Two courts recently handed down judgments regarding the applicability of the principle of “no work, no pay” during the COVID-19 lockdown. Unfortunately, and rather surprisingly, these judgments are at odds with one another.
One decision, handed down by the South Gauteng High Court, and cited as Mhlonipheni v Mezepoli Melrose Arch (Pty) Ltd and Others [2020] ZAGPJHC 136 (3 June 2020), found that the principle of “no work, no pay” could not be applied by employers for the period of COVID-19 Lockdown. In finding that the employer had an obligation to pay its employees during the lockdown period, the court explained that this obligation was not excluded by the principle of supervening impossibility. It remained possible for the employer to remunerate its employees despite the lockdown. In support of its view that employers were obligated to remunerate employees during this time, it was noted that the Level 5 Lockdown Regulations specifically identified the implementation of payroll systems as essential services. Furthermore, it stated that the employer’s duty to Remunerate arises upon the tendering of services by employees – and is not dependent on the actual performance of work by employees.
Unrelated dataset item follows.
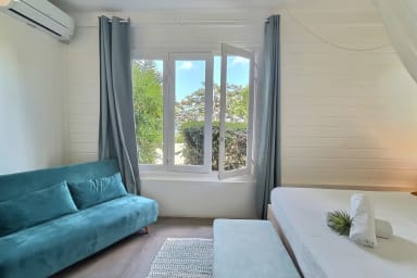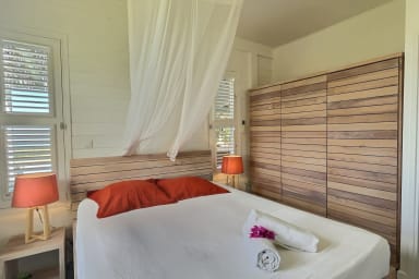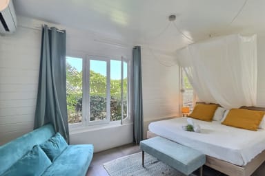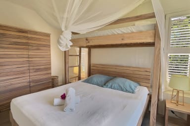 • Lit queen size (160 x 200 cm) avec moustiquaire

In an ill twist of fate, the second decision relating to the applicability of the principle of “no work, no pay” during the COVID-19 Lockdown period was handed down by the Johannesburg Labour Court on the exact same day, 03 June 2020, as the Melrose Arch Decision summarized above. However, in this matter, cited as Macsteel Service Centres SA (Pty) Ltd v National Union of Metal Workers of South Africa and others [2020] JOL 47372 (LC), the Labour Court held as follows:
“The reality in law is that the employees who rendered no service, albeit to no fault of their own or due to circumstances outside their employer’s control, like the global Covid-19 pandemic and national state of disaster, are not entitled to remuneration and the Applicant could have implemented the principle of ‘no work no pay’.”
While the clarity the Macsteel Decision ought to have provided to employees and employers alike regarding the principle of “no work, no pay” during the time of COVID-19, it’s effect have undoubtedly been muddied by the contrary finding of the High Court in the Melrose Arch Decision. It is important to note that a Labour Court Decision has an equal status to any Decision handed down by the High Court. However, it is arguable that the Macsteel Decision trumps the High Court finding by virtue of the fact that it was handed down by the Labour Court which has more specialized understanding and grasp of Labour Issues and Principles. As such, the Macsteel Decision ought to be favored until such time as a superior court finds in the alternative.”